My condolences to you. It is a pity that we have to grieve the loss of loved ones. 🙁

Mein herzliches Beileid.
Ich wünsche euch viel Kraft für die kommende schwere Zeit sowie stets schöne, fröhliche Erinnerungen an die wunderbaren Momente, die eure Nanny euch geschenkt hat.
Herzliche Grüße,
Chriddi

 2 years ago 

Vielen Dank, I think that the photo I've shared will always be my favourite memory 🙂

It's a really nice one... 😊
Hugs to all the gorillas!

I am so sorry about your loss.

 2 years ago 

I'm so sorry — my condolences to the whole gorilla contingent! No matter how "prepared" we may think we are, that will always be an "abstract" that's nothing like the actual thing.

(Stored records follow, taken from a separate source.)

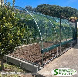 Il nostro tunnel NET PLUS ormai ha conquistato tutti per la sua qualità , funzionalità e versatilità davvero uniche. Una soluzione o efficace per riparare il tuo orto dalla grandine . Struttura in acciaio robusta con larghezza 3m o 4m modulabile e rete di altissima qualità TENAX. Possiamo fornire anche: - FILM professionale Made in Italy 150MC o 200MC Long LIFE - Rete antigrandine TENAX - Rete anti-insetto TENAX - Telo ombreggiante di prima qualità - Tanti ACCESSORI STRUTTURA Robusta e stabile struttura in tubolari che vanno a formare un tunnel. Spessore maggiorato acciaio rispettivamente 0,9mm / 1,1mm ( no 0,5/0,6mm come le altre in commercio ) VERSIONE CON LARGHEZZA 3m - Passo Arcata 1m - Tubolare 25mm - Altezza 2m Misure : 3x2m , 3x3m , 3x4m , 3x5m , 3x6m , ...... modulabile a volontà VERSIONE CON LARGHEZZA 4m - Passo Arcata 1m - Tubolare 32mm - Altezza 2,5m Misure : 4x3m , 4x4m , 4x5m , 4x6m , 4x7m , ...... modulabile a volontà TELO RETE OMBREGGIANTE Materiale di assoluta prima qualità marca TENAX , resistente e durevole nel tempo. RICAMBI SEMPRE DISPONIBILI Siamo gli unici a garantire parti di ricambio sempre disponibili. SPEDIZIONE Spediamo in tutta Italia. CHI SIAMO Serrashop_it è il primo store in Italia per la fornitura di serre in FILM o policarbonato per professionali e per privati . Centinaia di articoli per il tuo orto , giardino o per il vivaio aziendale.
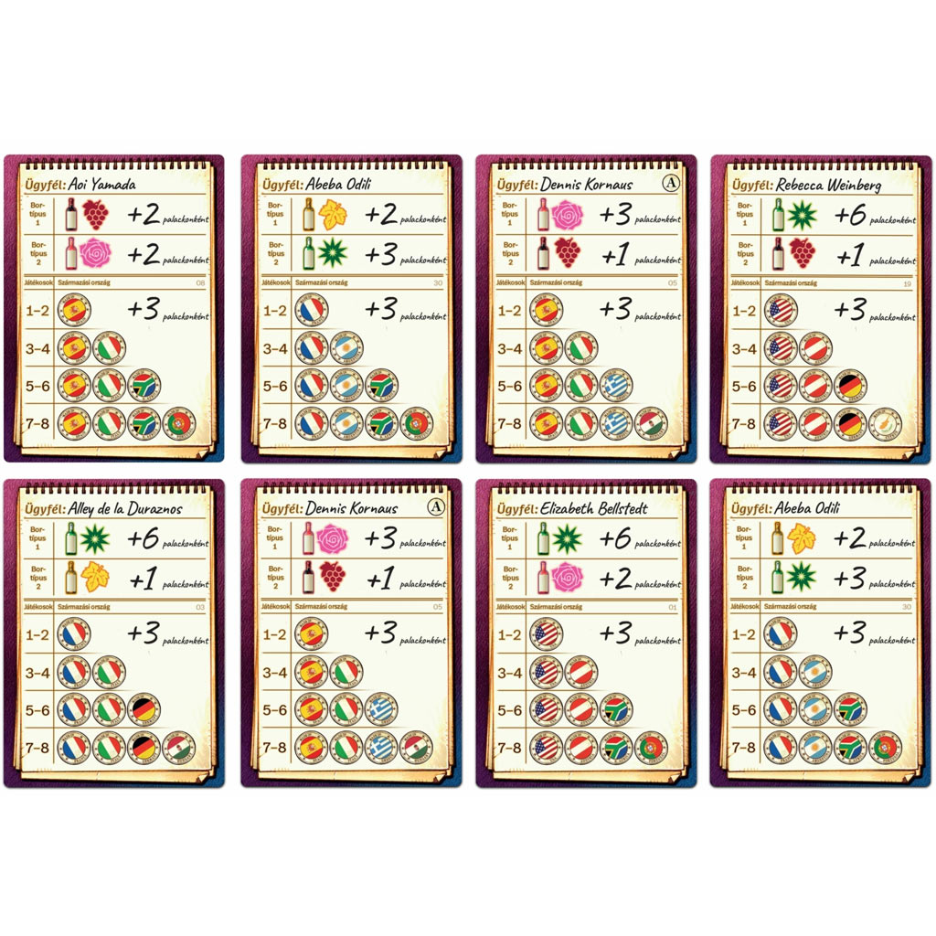 A pontozásnál nemcsak az számít, milyen borokat gyűjtöttél, hanem az is, hogy mennyire felelnek meg az ügyfélkártyádon szereplő elvárásoknak. Bizonyos borvidékek, színek vagy típusok extra pontokat érnek, így érdemes előre tervezni és taktikusan építeni a pincédet. A játék végén az nyer, aki a legtöbb pontot gyűjti össze a jól időzített licitekkel és az okosan felépített borospincével.
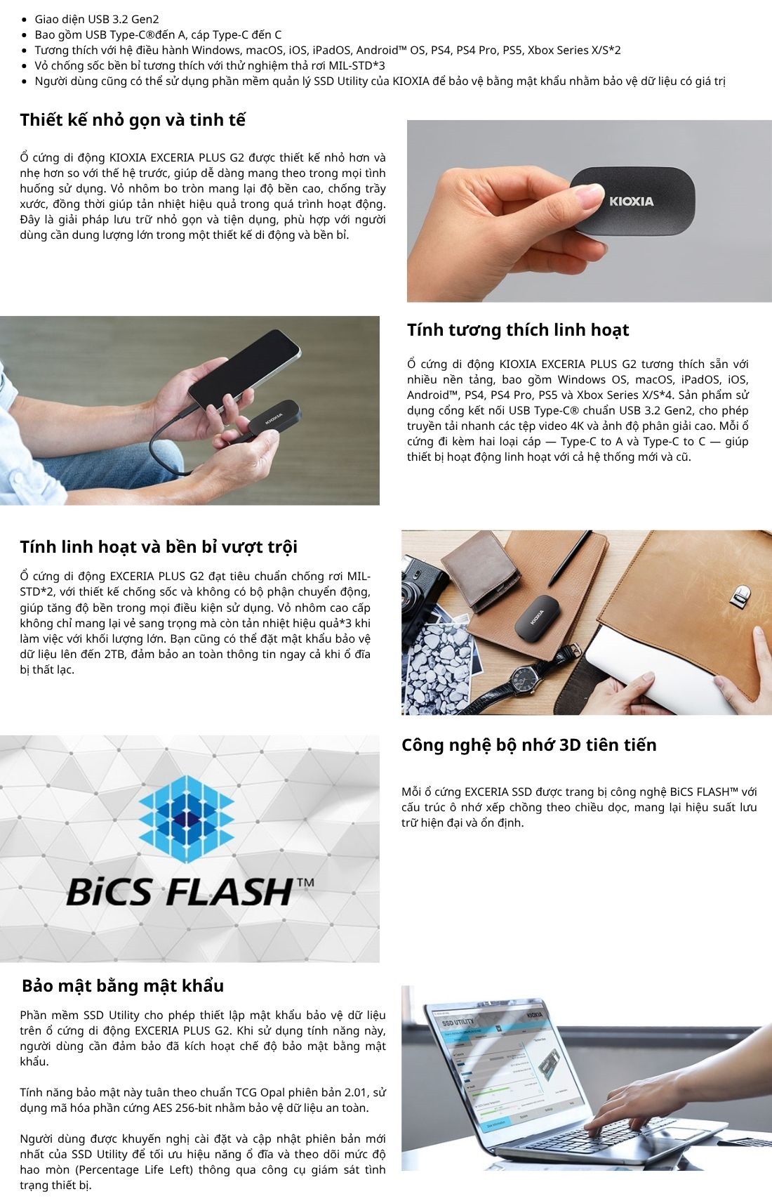 Tương thích hệ điều hành: Windows, MacOS, Linux,… - Có thể định dạng lại khi sử dụng trên các hệ điều hành khác.
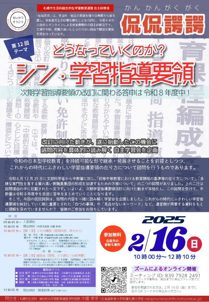 令和6月12月25日に文部科学省から中教審に対し、「初等中等教育における教育課程の基準等の在り方について」、「多様な専門性を有する質の高い教職員集団の形成を加速するための方策について」の二つの諮問がありました。いよいよ、次期学習指導要領改訂に向けた動きが本格化、この諮問を受けて中教審は令和8年度中を目途に答申をまとめていくことになります。そこで、今回の侃侃諤諤は、諮問の内容を一緒に読み解く学習会を企画しました。これからの時代にふさわしい学習指導要領を検討していく際に重要とされた「四つの事項」や「見逃せないキーワード」など、運営側が用意する資料をもとに理解を深めましょう!
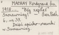 MACHAY Ferdynand ks. 1918... "Bóg zapłać" Szczawnicy!
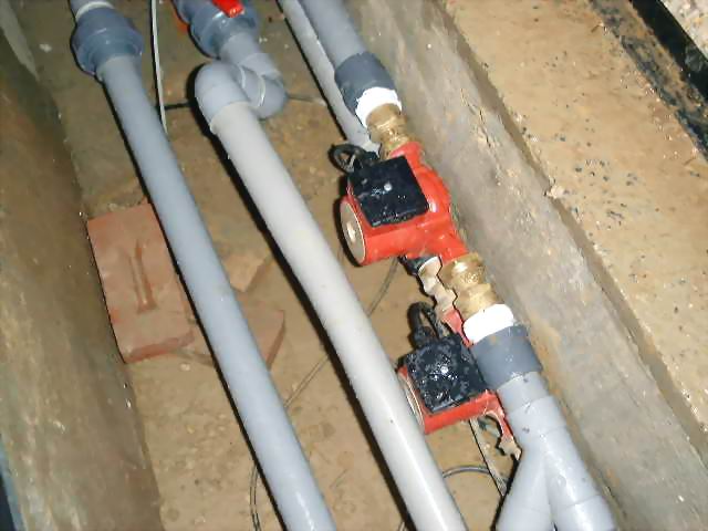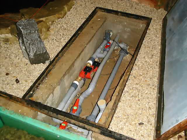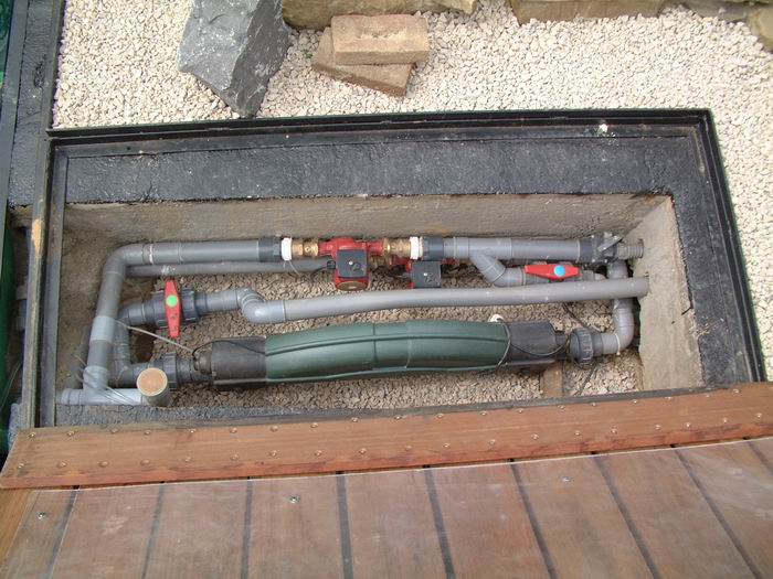 | La fosse technique pour les deux circulateurs en inox. Elle est en communication ave la fosse de rejet vers les égouts, ceci

The only positive light we can shine on a moment like this is knowing that our relatives will always be with us, in our hearts, minds and souls.

 2 years ago 

Thank you and you're absolutely correct. She'll always be with me.

I'm sorry for your loss. I hope she finds eternal happiness wherever she goes.

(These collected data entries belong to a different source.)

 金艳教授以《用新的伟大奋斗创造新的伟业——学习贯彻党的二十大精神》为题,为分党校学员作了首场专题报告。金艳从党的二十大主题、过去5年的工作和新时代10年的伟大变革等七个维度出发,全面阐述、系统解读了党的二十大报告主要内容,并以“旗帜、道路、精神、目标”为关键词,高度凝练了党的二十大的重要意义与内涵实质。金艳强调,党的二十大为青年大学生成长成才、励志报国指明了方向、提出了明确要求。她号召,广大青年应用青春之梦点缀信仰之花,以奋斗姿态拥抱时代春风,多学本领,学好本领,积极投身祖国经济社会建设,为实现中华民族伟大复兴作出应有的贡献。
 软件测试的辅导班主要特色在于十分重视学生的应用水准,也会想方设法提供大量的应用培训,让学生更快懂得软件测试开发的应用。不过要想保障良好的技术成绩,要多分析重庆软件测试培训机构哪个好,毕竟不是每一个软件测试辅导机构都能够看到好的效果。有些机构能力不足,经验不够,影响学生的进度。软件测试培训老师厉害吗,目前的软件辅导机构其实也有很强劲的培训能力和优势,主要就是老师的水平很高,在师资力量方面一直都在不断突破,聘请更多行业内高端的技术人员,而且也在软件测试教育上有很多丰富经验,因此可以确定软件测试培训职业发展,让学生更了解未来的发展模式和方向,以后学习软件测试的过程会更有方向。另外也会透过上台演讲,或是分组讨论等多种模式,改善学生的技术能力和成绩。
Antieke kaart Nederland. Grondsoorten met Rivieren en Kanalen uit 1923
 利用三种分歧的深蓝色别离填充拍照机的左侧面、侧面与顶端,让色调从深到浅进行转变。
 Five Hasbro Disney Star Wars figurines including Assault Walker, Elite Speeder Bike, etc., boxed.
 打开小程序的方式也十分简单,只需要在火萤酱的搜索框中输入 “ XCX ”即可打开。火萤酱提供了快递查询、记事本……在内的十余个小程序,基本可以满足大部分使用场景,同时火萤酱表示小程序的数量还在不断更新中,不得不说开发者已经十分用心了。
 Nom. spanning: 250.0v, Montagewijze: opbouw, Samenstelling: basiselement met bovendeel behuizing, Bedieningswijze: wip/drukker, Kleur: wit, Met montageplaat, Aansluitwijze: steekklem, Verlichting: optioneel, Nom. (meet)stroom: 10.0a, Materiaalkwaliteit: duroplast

I get strength knowing that the-nanny-gorilla and the-grandad-gorilla are together again.

Ameen 🙏 😞 😢

I am really sorry to hear about your loss, I had a feeling that something is wrong as we have not heard anything from you last couple of days. But I hoped that you decided to get off Internet and just spend weekend with your family. It is difficult for little kids to understand but the good things they grow up and as we say the time heal.

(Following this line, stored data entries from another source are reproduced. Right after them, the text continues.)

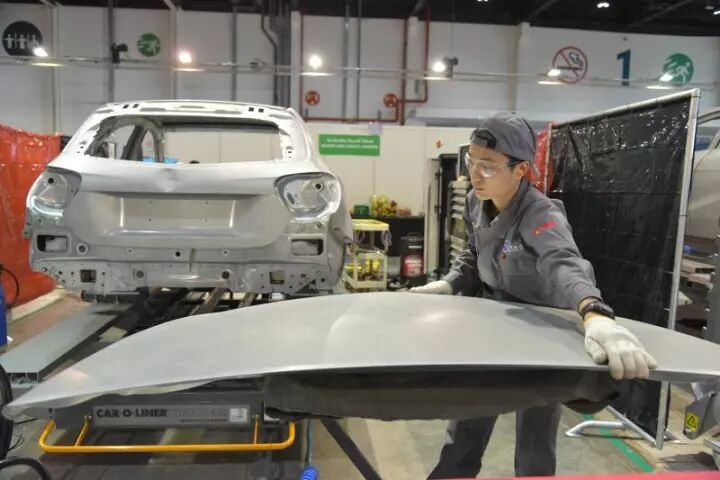 在车身修理项目中,中国选手杨山巍获得金牌。
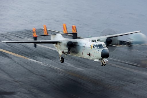 The C-2A is a re-supply workhorse for US aircraft carriers, routinely ferrying cargo, mail and people onto and off the globally deployed vessels.
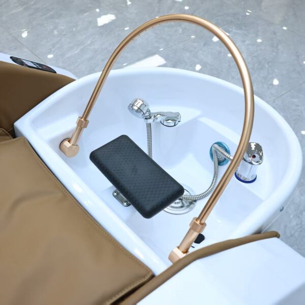 The Gold Deluxe Japanese head spa with massage chair is a premium salon unit designed to deliver advanced scalp treatments alongside full-body relaxation. This elegant system combines traditional Japanese head spa methods with modern massage chair comfort, creating a complete spa experience in one refined design.
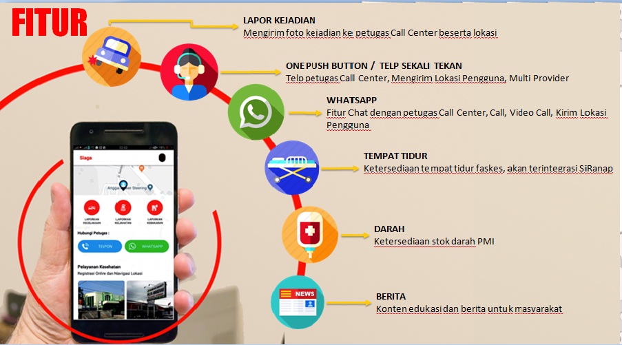 di fitur-fitur ini teman-teman bisa regristasi online ke fasilitas kesehatan, melihat ketersediaan Bed di rumah sakit atau puskesmas yang sudah bekerja sama dengan PSC119 Siaga Kendal, melihat persediaan darah di PMI juga,,, dll.
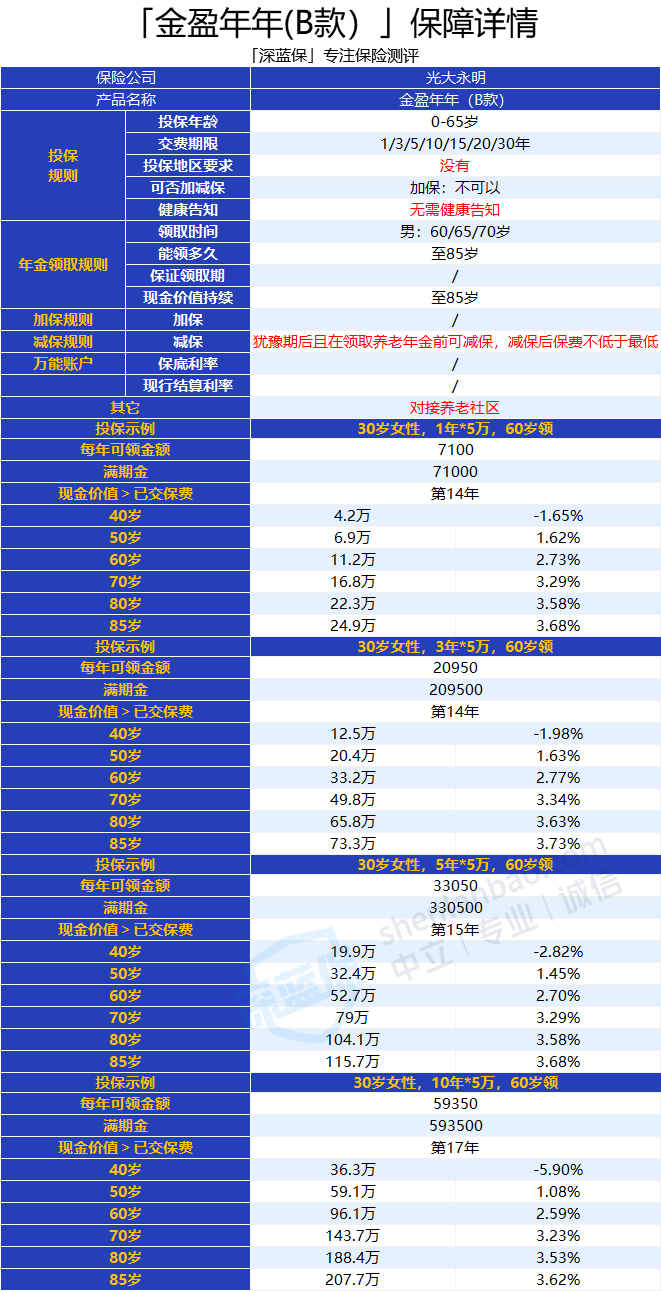 保至85岁的金盈年年(B款),就是一款很不错的保定期的产品。它没有投保地区要求、没有健康告知,满期金是每年可领取金额的10倍:

My sincere condolence to you and your family .

Condolences :(

 2 years ago 

Good evening @the-gorilla I am really sorry for your loss. The memories remain forever and they are certainly something that nothing and nobody can take away from us. It is just too early for the-toddler-gorilla to understand what really happened. When he does he will have the why questions. He will keep talking about the-nanny-gorilla and keep mentioning her wondering why everybody else feels sad when he does. Based on my experience as long as you keep talking about her and what happened, this is good enough because some people just shut down and avoid the topic. Please don't as this makes it even more confusing for a child. Be strong.

 2 years ago (edited)

When we first tried to tell him, he asked "Why?"

Then we told him she's gone to heaven to be with the-grandad-gorilla. He asked:

"Kevin the postman?"

🤷🏼‍♂️

 2 years ago 

Oh dear. Kids have great imagination and manage to simplify things and come up with even a reasonable explanation based on everything around them. So I guess this is to do with something he watched or picked up adults or other kids talk about. I am sending him a virtual hug.

My friend, I am very sorry for the loss of your loved one in the family.